INPUT MATERIAL START

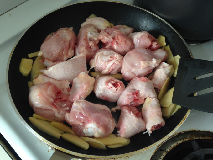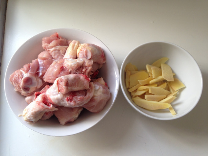 將雞肉洗淨,剁塊,薑切成薄片.
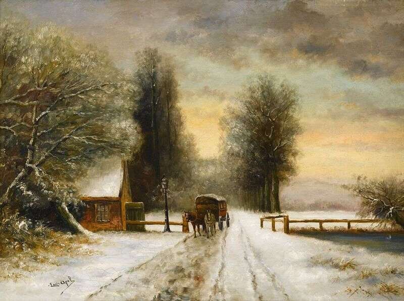Signed 'Louis Apol' bottom left, also inscribed 'Hollandische Winterlandschaft mit Haus und Pferd' on label verso, oil on canvas
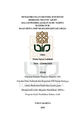 Fitria Salwa Labibah, NIM.: 23204021020 (2025) PENGEMBANGAN METODE MNEMONIC BERBASIS TRAFFIC-LIGHT DALAM PEMBELAJARAN ILMU NAHWU MATERI FI’IL BAGI SISWA SMP MUHAMMADIYAH 2 BOJA. Masters thesis, UIN SUNAN KALIJAGA YOGYAKARTA.
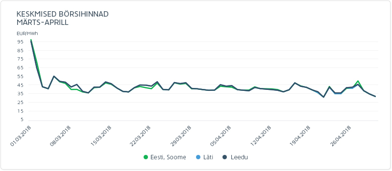收盤價(jià)的基礎(chǔ)上,在四月交易的期貨“提前一個(gè)月”可以預(yù)期,5月用電在波羅的海國(guó)家和芬蘭的平均價(jià)格可能會(huì)恢復(fù)過(guò)來(lái)€36.60 /兆瓦時(shí),而目前似乎是一個(gè)合理和現(xiàn)實(shí)的。
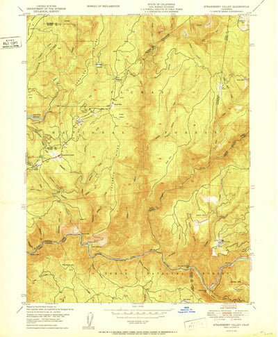 A 1950 historical topographic map of Strawberry Valley in California produced by the United States Geological Survey (USGS). It shows contour lines, place names, water bodies and roads. Map services and data available from U.S. Geological Survey, National Geospatial Program. Map was obtained from...
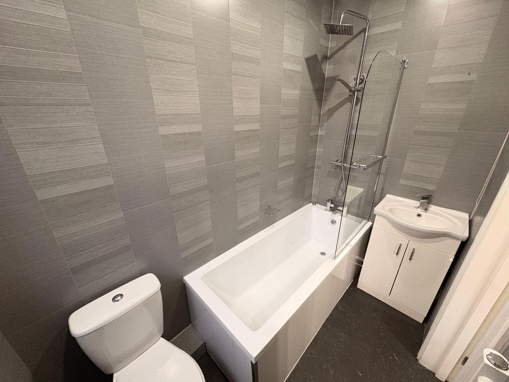 Towards the rear of the property, you'll find the modern fitted kitchen. Finished with a complimentary colour palette, wooden-effect worktops and integrated appliances, this kitchen offers excellent storage and workspace. From here, a door leads directly to the private rear yard. The family bathroom is located next to the kitchen, with WC, wash basin, and bath with overhead waterfall shower head.
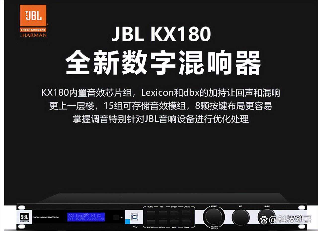 JBL全新数字混响器采用防啸叫处理器与强劲数字处理技术,让数字混响器的可调性和细节处理功能都大大提升。采用内置音效芯片组,Lexicon和dbx的加持让回声和混响更上一层楼,15组可储存音效模组,8颗按键布局更容易调音,掌握针对JBL音响设备进行优化处理。输入类型采用RCA非平衡(左右通道),动态范围大于100,音频输出阻抗为115Ω,模/数信号转换为12dB/24dB(0Hz-303Hz),性能十分稳定。
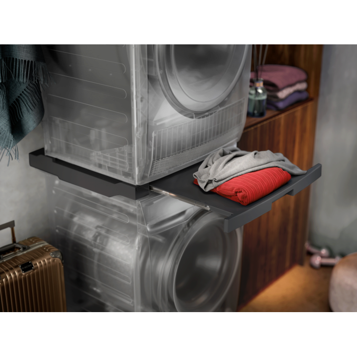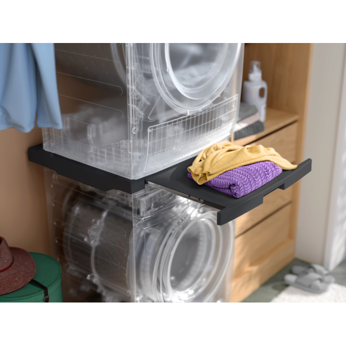 Designet med mere plads i tankerne. Med vores sammenbygningsbeslag kan du nemt installere din tørretumbler oven på vaskemaskinen. Og en indbygget udtrækshylde gør den nem at bruge. Velegnet til alle frontbetjente vaskemaskiner og tørretumblere med en dybde fra 52 til 67 cm
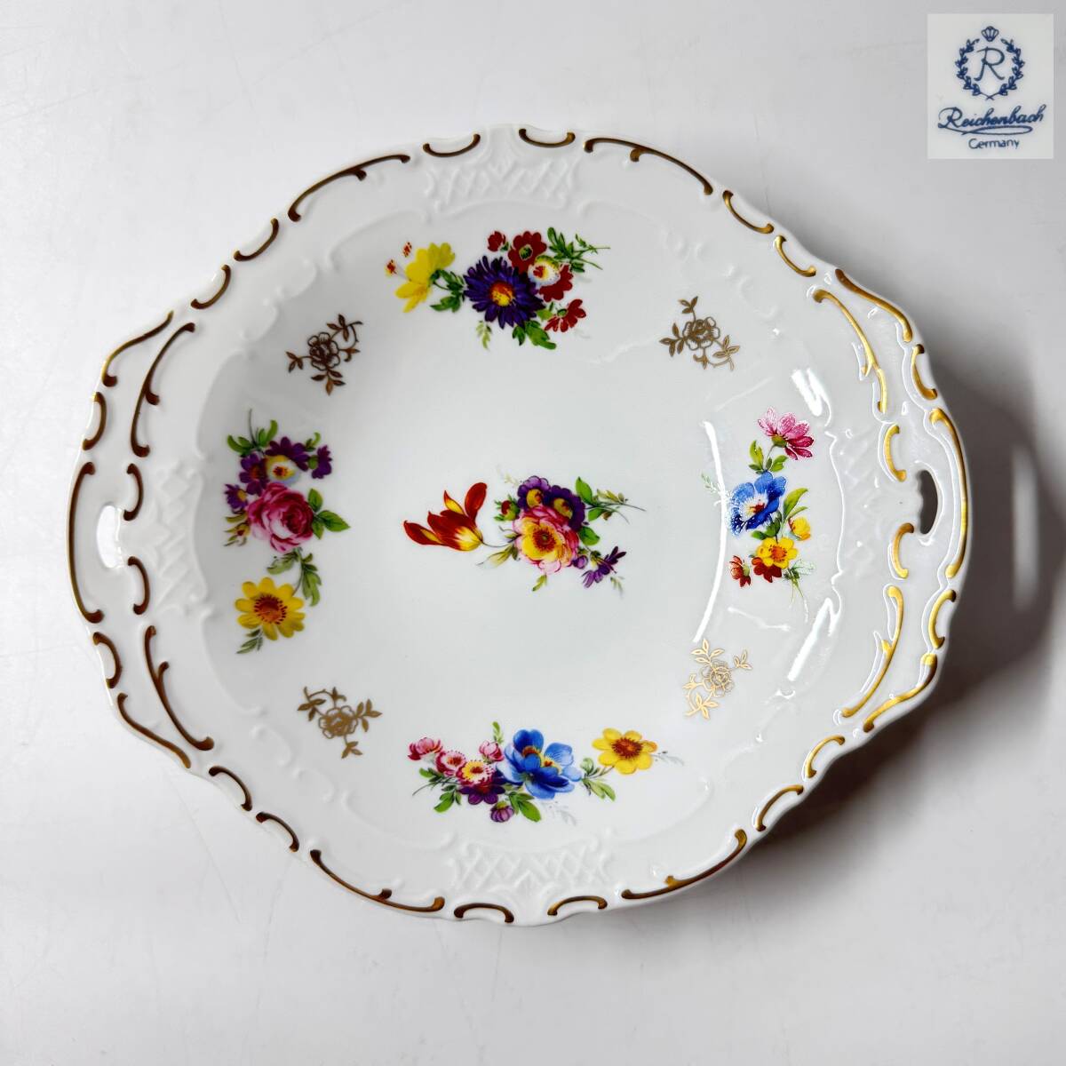 未使用 Thuringian Porcelain チューリンゲン ポーセリン Reichenbach ライヒェンバッハ ハンドル付きプレート SCHOTT ZWIESS ショットツヴィーゼル ゴブレット Khn lt ren 輪花 ラウンドステッチクロス フラワーモチーフ 現状品の出品です。
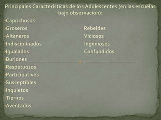El documento describe las características principales de los estudiantes de secundaria según diferentes fuentes. Algunos son caprichosos, rebeldes o ingeniosos, mientras que otros son respetuosos o participativos. El documento luego discute cuatro enfoques de enseñanza: ser estricto como Hitler, tradicional como el Abuelo, divertido como el Cuatacho, o tomar elementos de los tres para ser el Maestro Ideal.
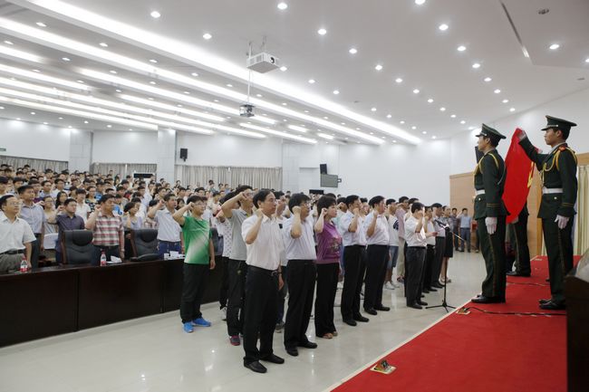 会议在雄壮的国歌声中拉开帷幕。校党委副书记许琰领誓,王清义书记等校领导带领新党员入党宣誓、老党员重温入党誓词。招生就业处张卫建代表优秀共产党员发言,分享了学习工作体会,表达了投身共产主义事业的坚定信念。
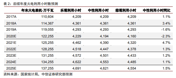 预计2021~2023年煤电利用小时数分别同比增长5%/1%/1%
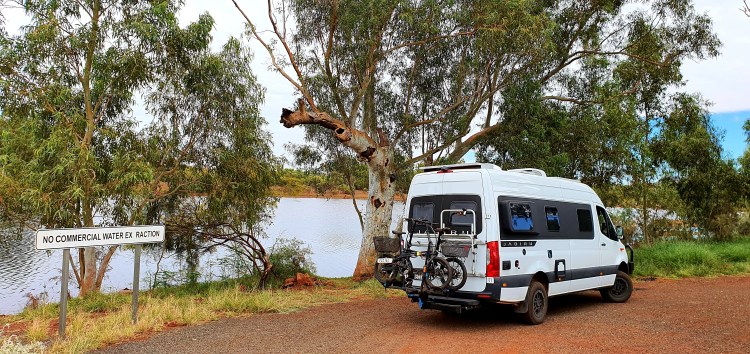 From here we’re heading, after a couple of stops, across the Tanami Desert (about 1,000 km of corrugations we hear), so we might as well enjoy the luxury while we can.
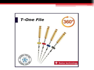 This document provides information on single file systems for root canal preparation. It discusses the history of reciprocation motion and generations of rotary file systems. Specific single file systems like WaveOne and Reciproc are described in detail, including their design features and advantages. The document emphasizes that recent advances in endodontics have focused on completing root canal shaping with only one or two files to be more efficient and minimize procedural errors.
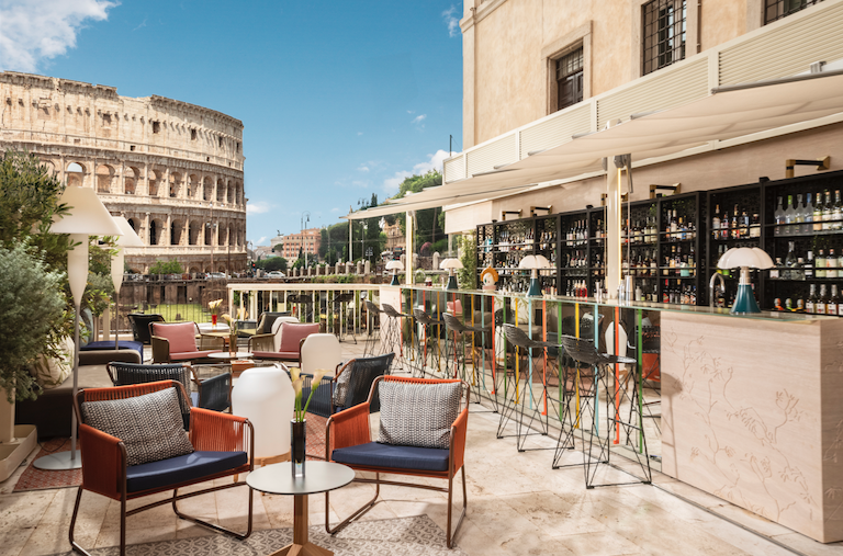 Negli stessi spazi di quella Roma imperiale oggi sorge Palazzo Manfredi, boutique hotel che affaccia sul Colosseo, un vero gioellino. Qui si innesta The Court, un concept pionieristico per vivere l’Urbe secondo le nuove prospettive del bere contemporaneo. A progettare gli spazi lo studio di architettura Loto Ad Project che ha scelto di collaborare solo con aziende made in Italy.

INPUT MATERIAL END

▶ [EXERCISE INSTRUCTIONS]
Could you reproduce exactly, and only, the lines from the start of the records through the line containing "Signed 'Louis Apol'", leaving out the pictures?

▶ [WRITTEN REPLY]
 將雞肉洗淨,剁塊,薑切成薄片.
Signed 'Louis Apol' bottom left, also inscribed 'Hollandische Winterlandschaft mit Haus und Pferd' on label verso, oil on canvas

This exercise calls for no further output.